Data records:
◆ ◆ ◆

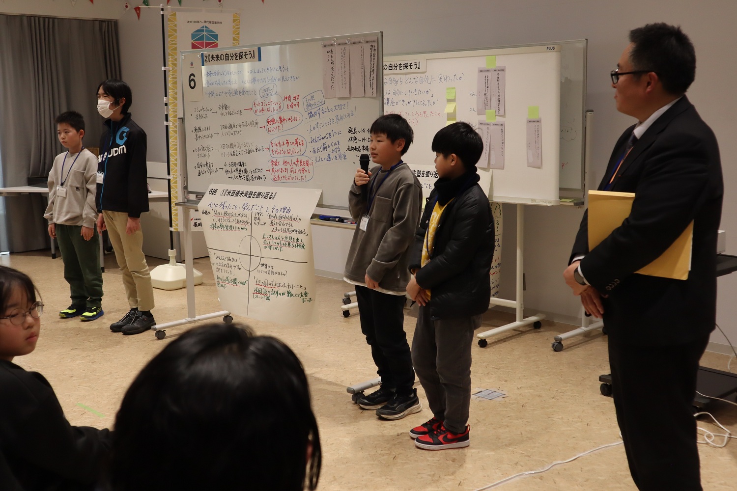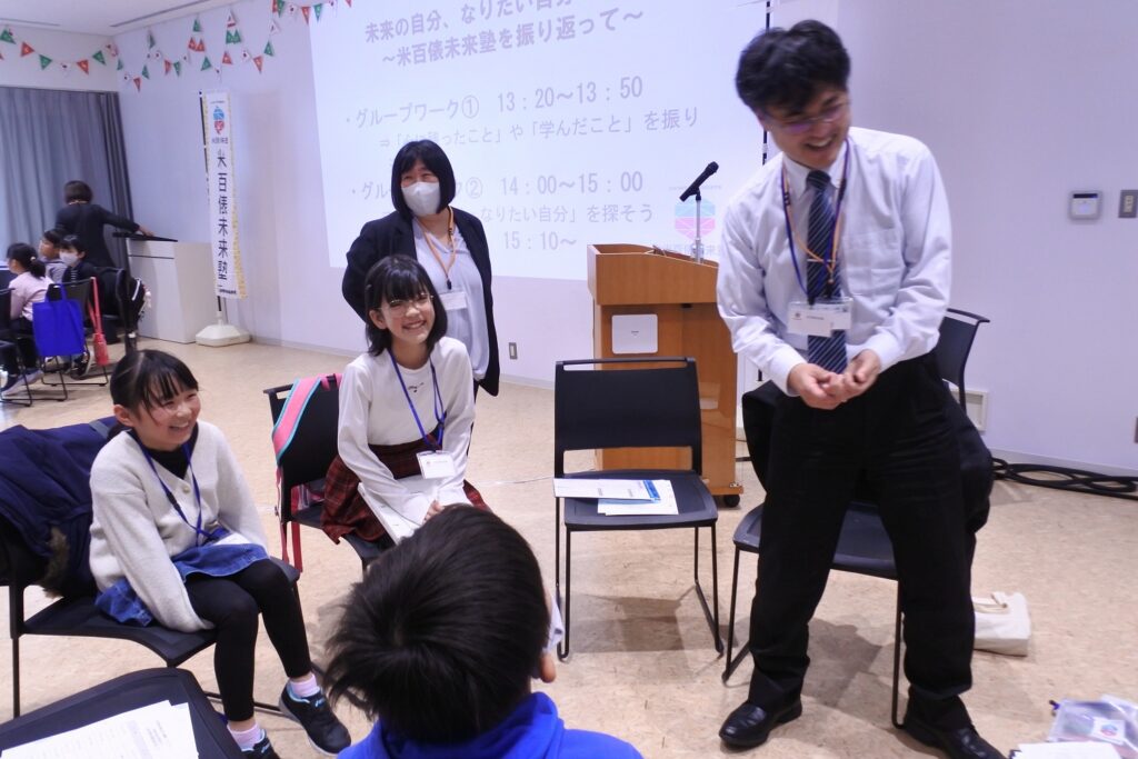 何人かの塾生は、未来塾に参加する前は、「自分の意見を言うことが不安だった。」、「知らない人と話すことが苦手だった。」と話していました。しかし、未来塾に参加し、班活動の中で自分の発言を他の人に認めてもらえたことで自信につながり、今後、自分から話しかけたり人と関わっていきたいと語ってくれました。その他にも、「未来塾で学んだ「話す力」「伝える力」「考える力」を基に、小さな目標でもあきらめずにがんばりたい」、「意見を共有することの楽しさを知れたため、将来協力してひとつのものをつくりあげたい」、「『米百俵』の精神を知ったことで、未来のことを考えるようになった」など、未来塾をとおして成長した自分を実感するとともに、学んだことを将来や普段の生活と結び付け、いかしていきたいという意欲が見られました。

◆ ◆ ◆

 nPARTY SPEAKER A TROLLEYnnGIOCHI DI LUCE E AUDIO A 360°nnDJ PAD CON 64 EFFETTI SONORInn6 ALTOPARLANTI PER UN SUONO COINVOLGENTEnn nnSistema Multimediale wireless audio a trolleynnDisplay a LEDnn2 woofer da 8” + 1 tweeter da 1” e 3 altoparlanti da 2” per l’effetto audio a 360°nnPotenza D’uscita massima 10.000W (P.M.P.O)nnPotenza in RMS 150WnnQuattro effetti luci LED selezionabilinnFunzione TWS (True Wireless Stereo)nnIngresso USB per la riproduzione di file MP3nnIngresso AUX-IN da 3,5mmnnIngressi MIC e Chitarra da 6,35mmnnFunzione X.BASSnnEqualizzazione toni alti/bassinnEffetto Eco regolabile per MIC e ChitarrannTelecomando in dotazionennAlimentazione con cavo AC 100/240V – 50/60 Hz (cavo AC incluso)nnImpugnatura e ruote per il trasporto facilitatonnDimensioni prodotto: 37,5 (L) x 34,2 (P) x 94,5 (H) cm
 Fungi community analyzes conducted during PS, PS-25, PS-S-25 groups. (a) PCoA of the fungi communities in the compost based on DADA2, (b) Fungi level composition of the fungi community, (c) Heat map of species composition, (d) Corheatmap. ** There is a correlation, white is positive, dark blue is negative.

◆ ◆ ◆

Work request: Beginning at the line with "nPARTY SPEAKER A" and stopping after the line with "Fungi community analyzes", please write out every line of the data above exactly and nothing else.

Response below:
 nPARTY SPEAKER A TROLLEYnnGIOCHI DI LUCE E AUDIO A 360°nnDJ PAD CON 64 EFFETTI SONORInn6 ALTOPARLANTI PER UN SUONO COINVOLGENTEnn nnSistema Multimediale wireless audio a trolleynnDisplay a LEDnn2 woofer da 8” + 1 tweeter da 1” e 3 altoparlanti da 2” per l’effetto audio a 360°nnPotenza D’uscita massima 10.000W (P.M.P.O)nnPotenza in RMS 150WnnQuattro effetti luci LED selezionabilinnFunzione TWS (True Wireless Stereo)nnIngresso USB per la riproduzione di file MP3nnIngresso AUX-IN da 3,5mmnnIngressi MIC e Chitarra da 6,35mmnnFunzione X.BASSnnEqualizzazione toni alti/bassinnEffetto Eco regolabile per MIC e ChitarrannTelecomando in dotazionennAlimentazione con cavo AC 100/240V – 50/60 Hz (cavo AC incluso)nnImpugnatura e ruote per il trasporto facilitatonnDimensioni prodotto: 37,5 (L) x 34,2 (P) x 94,5 (H) cm
 Fungi community analyzes conducted during PS, PS-25, PS-S-25 groups. (a) PCoA of the fungi communities in the compost based on DADA2, (b) Fungi level composition of the fungi community, (c) Heat map of species composition, (d) Corheatmap. ** There is a correlation, white is positive, dark blue is negative.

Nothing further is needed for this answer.